▶ _Exercise_
Copy down every line of the data that follows exactly. Omit the pictures.

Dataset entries

——————————

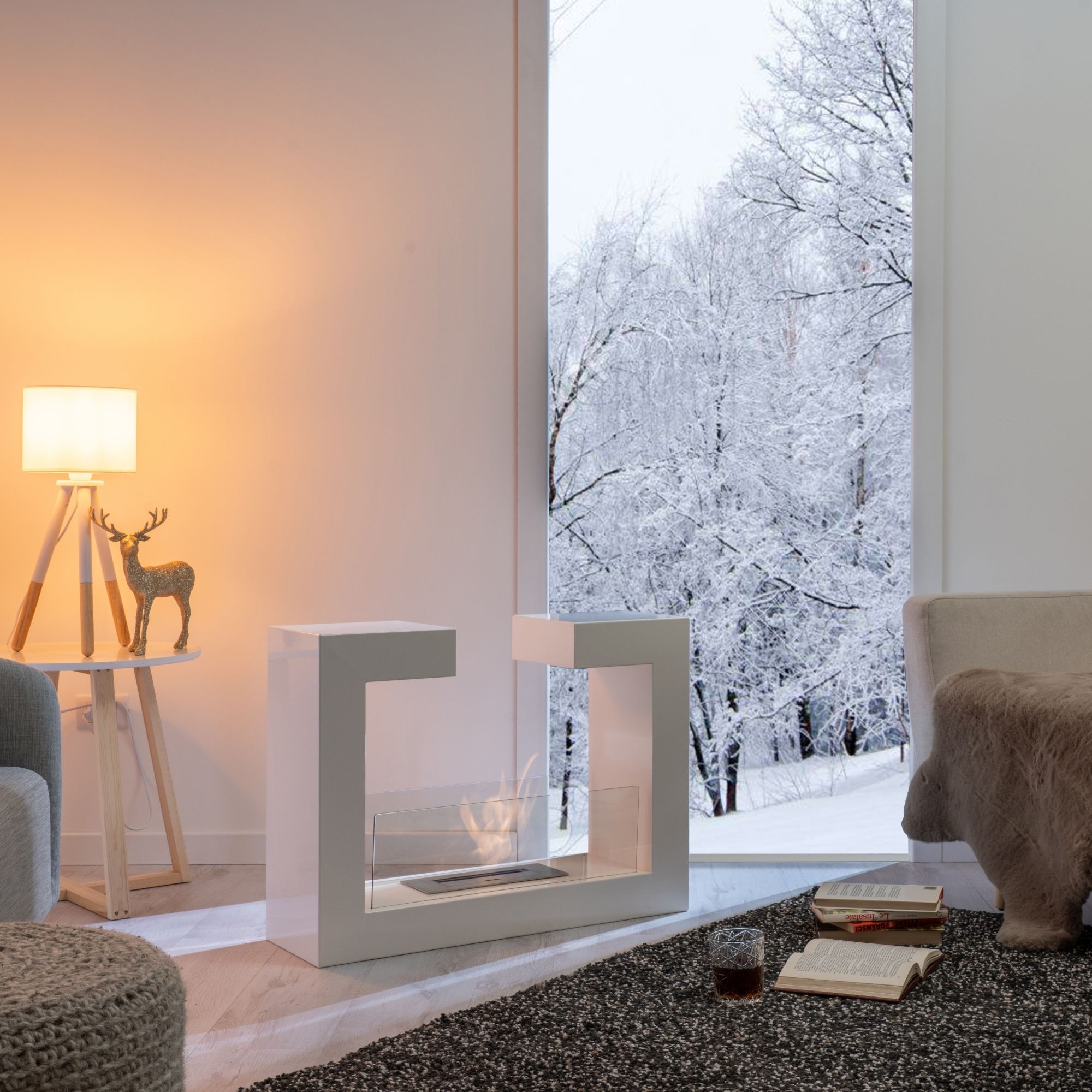 Camino bioetanolo bifacciale dal design unico, Magnor è un pezzo esclusivo che non può mancare nella vostra casa. La struttura a U in metallo e il vetro temperato, posizionato ai lati, protegge la fiamma da eventuali colpi di vento, ponendola in risalto. Ciò rende Magnor adatto anche ad ambientazioni esterne.
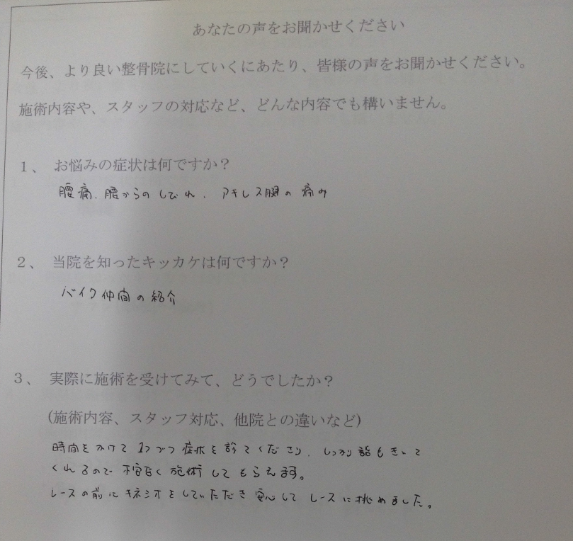 時間をかけて1つづつ症状を診てくださり、しっかり話も聞いてくれるので不安なく施術してもらえます。レースの前に、キネシオをしていただき安心してレースに挑めました。
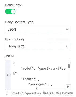 HTTP Rrquest: AI Agent节点后点击【+】添加HTTP Request。这个节点的作用是基于前置AI Agent节点输出的真实视频地址调用通义千问3-ASR-Flash模型来提取视频中的文案。
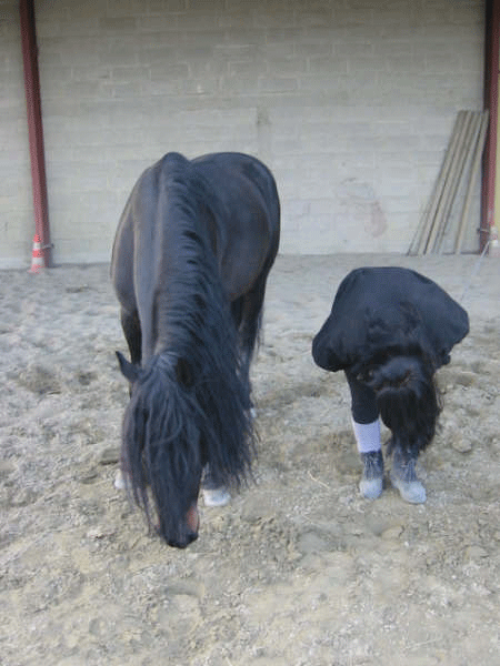 Contrairement à ce qui est préconisé dans la plupart des ouvrages qui enseignent des “tours”, nous ne ferons pas descendre la tête du cheval entre ses jambes grâce à une friandise mais nous demanderons à ce qu’il nous imite.
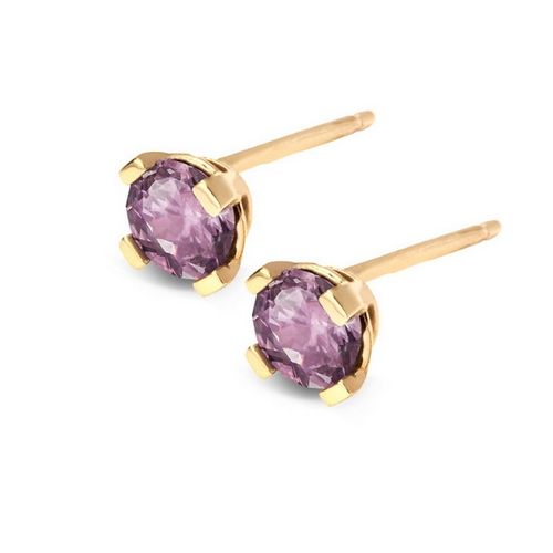 Staviori Kolczyki. Cyrkonia. Żółte Złoto 0,333. Model ozdobiono cyrkoniami w kolorze lila.

——————————

▶ _Written response_
 Camino bioetanolo bifacciale dal design unico, Magnor è un pezzo esclusivo che non può mancare nella vostra casa. La struttura a U in metallo e il vetro temperato, posizionato ai lati, protegge la fiamma da eventuali colpi di vento, ponendola in risalto. Ciò rende Magnor adatto anche ad ambientazioni esterne.
 時間をかけて1つづつ症状を診てくださり、しっかり話も聞いてくれるので不安なく施術してもらえます。レースの前に、キネシオをしていただき安心してレースに挑めました。
 HTTP Rrquest: AI Agent节点后点击【+】添加HTTP Request。这个节点的作用是基于前置AI Agent节点输出的真实视频地址调用通义千问3-ASR-Flash模型来提取视频中的文案。
 Contrairement à ce qui est préconisé dans la plupart des ouvrages qui enseignent des “tours”, nous ne ferons pas descendre la tête du cheval entre ses jambes grâce à une friandise mais nous demanderons à ce qu’il nous imite.
 Staviori Kolczyki. Cyrkonia. Żółte Złoto 0,333. Model ozdobiono cyrkoniami w kolorze lila.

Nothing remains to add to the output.